Veilig Thuis en Jeugdzorg
Ze stortte in 2018 bij mij in met allerlei klachten als duizeligheid, bleek zien in het gezicht, concentratieproblemen, hoofdpijn, misselijkheid. Ze was al een aantal maanden op deze manier aan het kwakkelen zonder koorts, maar ze zat duidelijk niet lekker in haar vel. Begin februari 2018 vertelde ze me huilend dat “papa altijd zo boos doet” en “ altijd het plaatje voor me dat papa zo boos doet waardoor ik me niet goed kan concentreren op school”. Toen kwamen Veilig Thuis (VT) en Jeugdzorg in beeld, want ik had op alle alarmknoppen gedrukt.

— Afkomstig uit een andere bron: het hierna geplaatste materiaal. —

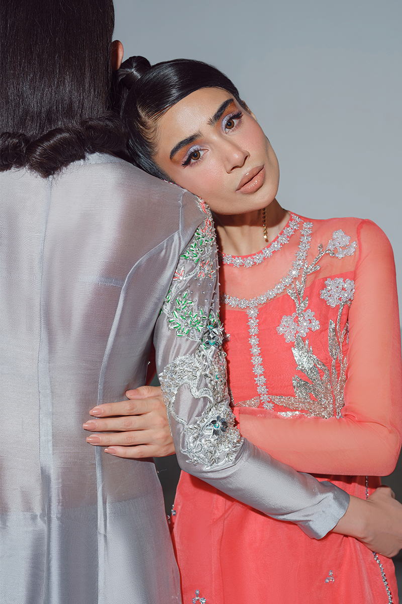 Introducing the captivating "Disco Flame" ensemble, a true display of burning flare and outstanding fashion. This breathtaking pair is expertly put together with a brilliant coral pink hue that is sure to turn heads. The piece is made up of top-notch organza and lush Thai silk fabrics, lending it a luxurious and regal look. The ensemble consists of a nicely designed shirt teamed with trendy cropped bootcut trousers that provide a modern touch to the whole look.
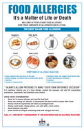 Our food allergy awareness poster lists the 9 major food allergies, symptoms of allergic reactions, ways to avoid cross-contamination, and how to respond to a customer. Educating employees about common food allergens helps businesses comply with FDA Food Code regulations and Food Allergen Labeling and Consumer Protection Act (FALCPA) guidelines. These posters also show commitment to accommodating customers and employees with allergies. Order your allergens posters from All In One Poster Company today.

Helaas was ik niet verbaasd, want Paul was tijdens de relatie naar mij frequent verbaal agressief, intimiderend, kleinerend, gezagsondermijnend in zijn communicatie. Ook smeet hij geregeld in zijn boosheid met kastdeuren of met speelgoed van de kinderen. Hij kon dreigend tegenover me komen staan. Naar de kinderen kon Paul heel boos worden om niks. Ronja deed begin februari 2018 uitspraken als: “Mama, sinds jij weg bent, is het veel erger geworden.” “Ik wil een cijferslot op mijn deur want als papa zo boos doet, mag hij mijn kamer niet in.” “Als ik bij papa ben dan wil ik in een kooi.”
Impact op Ronja
Wat nog in mijn geheugen gegrift staat, is dat zij heel bang kon zijn voor hem. Toen zij net 1 was, at zij slecht haar avondeten, vrij normaal gedrag voor een kind van 1, maar van hem moest en zou ze eten. Ze at niet, dus hij pakte haar op onder haar oksels en hij schudde haar heen en weer en hij schreeuwde “je moet eten!!”. Zo ging hij tegen haar tekeer, terwijl ze 1 jaar was. Als ik dan zei “hou eens op” schreeuwde hij “hou je kop!!”. Zo reageerde hij vervolgens op mij. Dus zo gauw ze uit zijn handen was, zei ik “kom maar lieverd, kom maar even knuffelen”. Ik voelde me machteloos in die situatie, want als ik reageerde werd hij echt woest. Agressief verbaal, met de kinderen erbij. Ik kon beter mijn mond houden, zoveel als mogelijk. Het maakte niet uit wat ik zei, ik triggerde hem per definitie. Dus ik kon beter even afwachten en daarna Ronja knuffelen en dan zeggen “Kom maar bij me lieverd”. Dat deed ik gewoon, want ik dacht over hem “zoek het uit!”, ik vond het zo’n klootzak op zulke momenten. We zaten nooit op één lijn, over niks.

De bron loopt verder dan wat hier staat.